**Work to be completed:**
Return all the entries exactly. No pictures.

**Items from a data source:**
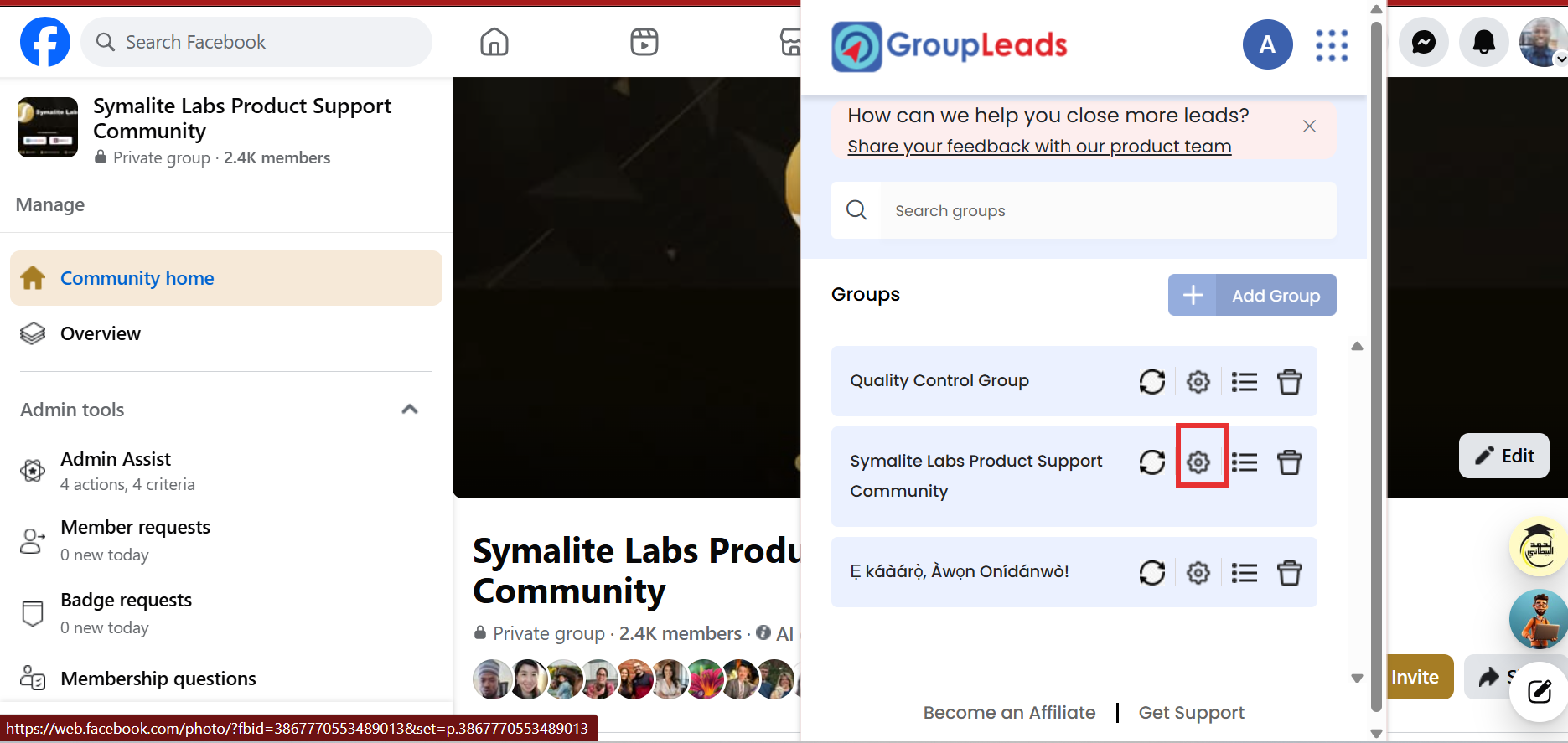 Inside the extension, locate the Facebook Group you want to collect emails from, then click the ⚙️ settings wheel icon next to that group.
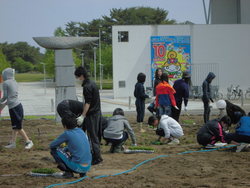 先週もお伝えしたはなまきUCさんを中心としたフラワーアート作成の事業で、予定通り5月24日(土)に花植えが行われました。
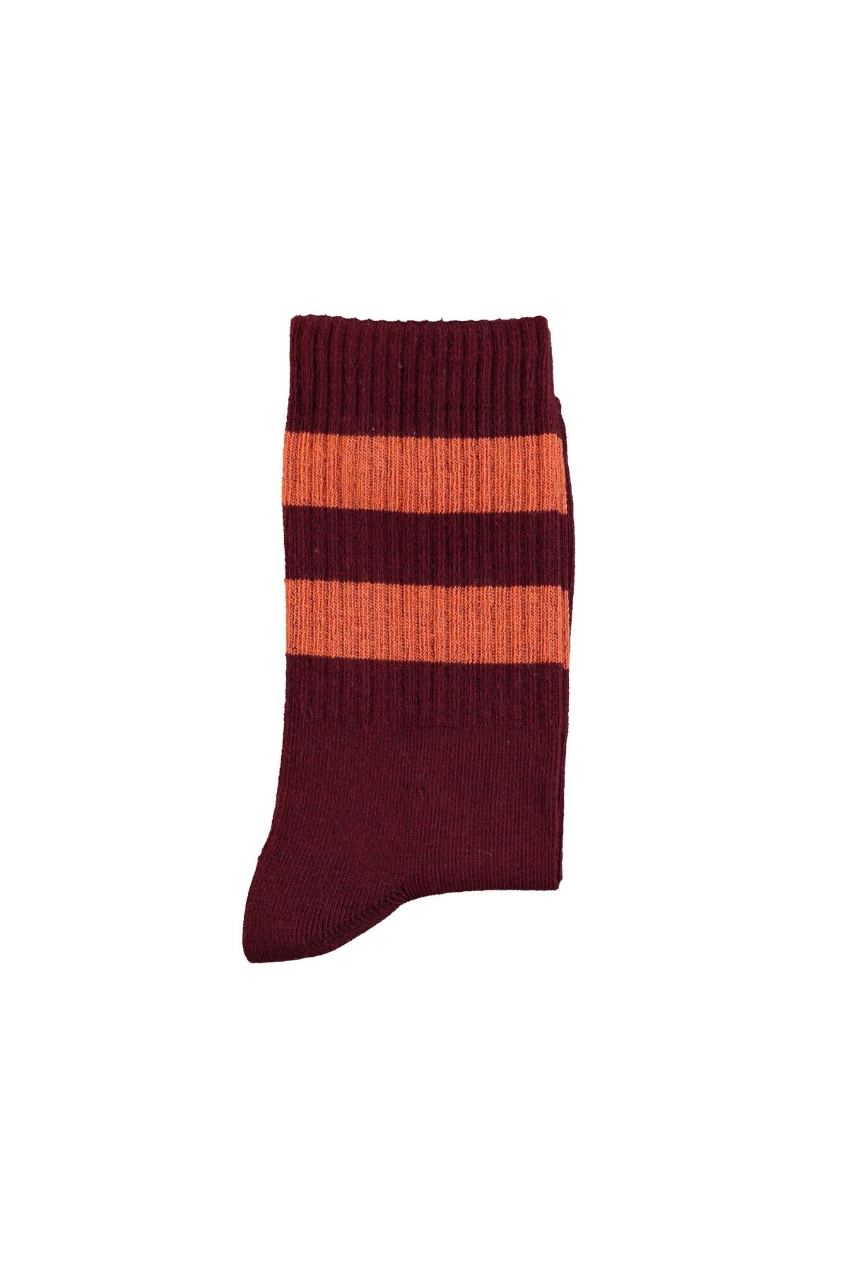 Socks with striped print. Color/Fabric: bordeaux | cotton Composition: 100% PES Care Instructions: Wash warm (max 40ºC) . Do not bleach . Do not tumble dry . Iron cool (max 110ºC) . Do not dry cleanMade in Portugal
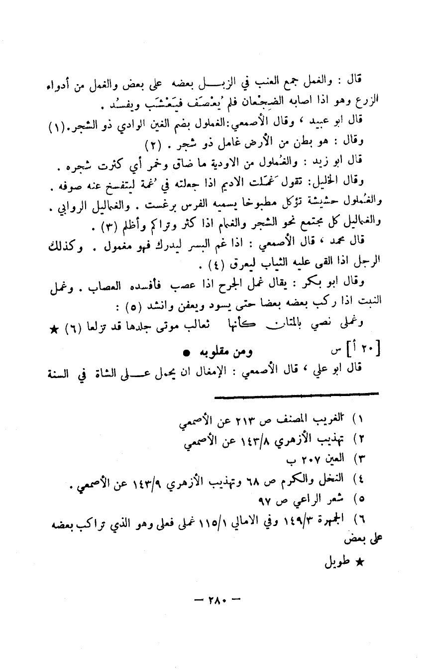 قال أبو عبيد، وقال الأصمعي: الغملول بضم الغين الوادي ذو الشجر.
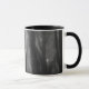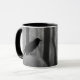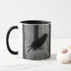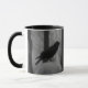 Crow in Monochrom in der Mitte von Bäumen auf der Kaffeetasse eines Krähenliebhabers.

**Completed exercise:**
 Inside the extension, locate the Facebook Group you want to collect emails from, then click the ⚙️ settings wheel icon next to that group.
 先週もお伝えしたはなまきUCさんを中心としたフラワーアート作成の事業で、予定通り5月24日(土)に花植えが行われました。
 Socks with striped print. Color/Fabric: bordeaux | cotton Composition: 100% PES Care Instructions: Wash warm (max 40ºC) . Do not bleach . Do not tumble dry . Iron cool (max 110ºC) . Do not dry cleanMade in Portugal
 قال أبو عبيد، وقال الأصمعي: الغملول بضم الغين الوادي ذو الشجر.
 Crow in Monochrom in der Mitte von Bäumen auf der Kaffeetasse eines Krähenliebhabers.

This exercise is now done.